Dans le modèle traditionnel d'authentification client-serveur, le client demande une ressource à accès restreint (ressource protégée) sur le serveur en s'authentifiant auprès du serveur au moyen des informations d'identification du propriétaire de ressource. Pour donner à des applications tierces l'accès à des ressources restreintes, le propriétaire de ressource partage ses informations d'identification avec le tiers. Cela crée plusieurs problèmes et limitations :

  • les applications tierces doivent conserver les informations d'identification du propriétaire de ressource pour un usage ultérieur, typiquement un mot de passe en clair ;
  • les serveurs doivent prendre en charge l'authentification par mot de passe, malgré les faiblesses de sécurité inhérentes aux mots de passe ;
  • les applications tierces obtiennent un accès trop large aux ressources protégées du propriétaire de ressource, sans que celui-ci puisse limiter la durée ou restreindre l'accès à un sous-ensemble de ressources ;
  • les propriétaires de ressource ne peuvent pas révoquer l'accès d'un tiers particulier sans révoquer l'accès de tous les tiers, et doivent le faire en changeant le mot de passe du tiers ;
  • la compromission d'une application tierce compromet le mot de passe de l'utilisateur final et toutes les données protégées par ce mot de passe.

OAuth répond à ces problèmes en introduisant une couche d'autorisation et en séparant le rôle du client de celui du propriétaire de ressource. Dans OAuth, le client demande l'accès à des ressources contrôlées par le propriétaire de ressource et hébergées par le serveur de ressources, et reçoit un ensemble d'informations d'identification différent de celui du propriétaire de ressource.

Au lieu d'utiliser les informations d'identification du propriétaire de ressource pour accéder aux ressources protégées, le client obtient un jeton d'accès -- une chaîne indiquant une portée, une durée de vie et d'autres attributs d'accès particuliers.
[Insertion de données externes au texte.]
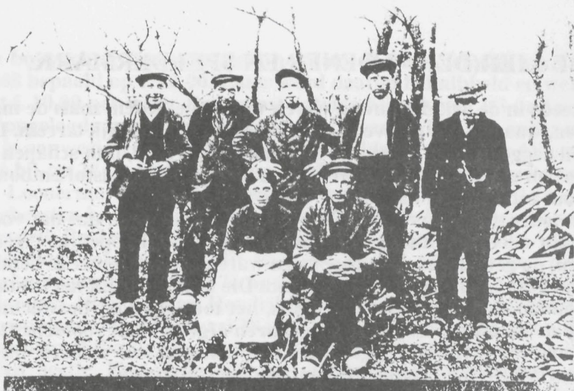
1. Groep Elspeetse eekschillers in de buurt van Hoog Soeren 1927.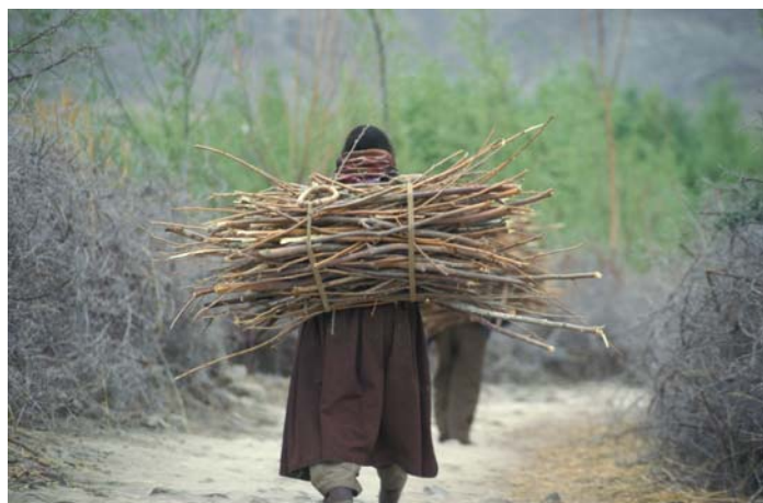
Holz ist Mangelware in Ladakh

Les jetons d'accès sont émis aux clients tiers par un serveur d'autorisation avec l'approbation du propriétaire de ressource. Le client utilise le jeton d'accès pour accéder aux ressources protégées hébergées par le serveur de ressources.

Par exemple, une utilisatrice finale (propriétaire de ressource) peut accorder à un service d'impression (client) l'accès à ses photos protégées stockées chez un service de partage de photos (serveur de ressources), sans partager son nom d'utilisateur ni son mot de passe avec le service d'impression. Elle s'authentifie directement auprès d'un serveur approuvé par le service de partage de photos (serveur d'autorisation), qui émet au service d'impression des informations d'identification propres à cette délégation (jeton d'accès).

Cette spécification est conçue pour être utilisée avec HTTP ([RFC2616]). L'utilisation d'OAuth sur tout protocole autre que HTTP sort du périmètre de cette spécification.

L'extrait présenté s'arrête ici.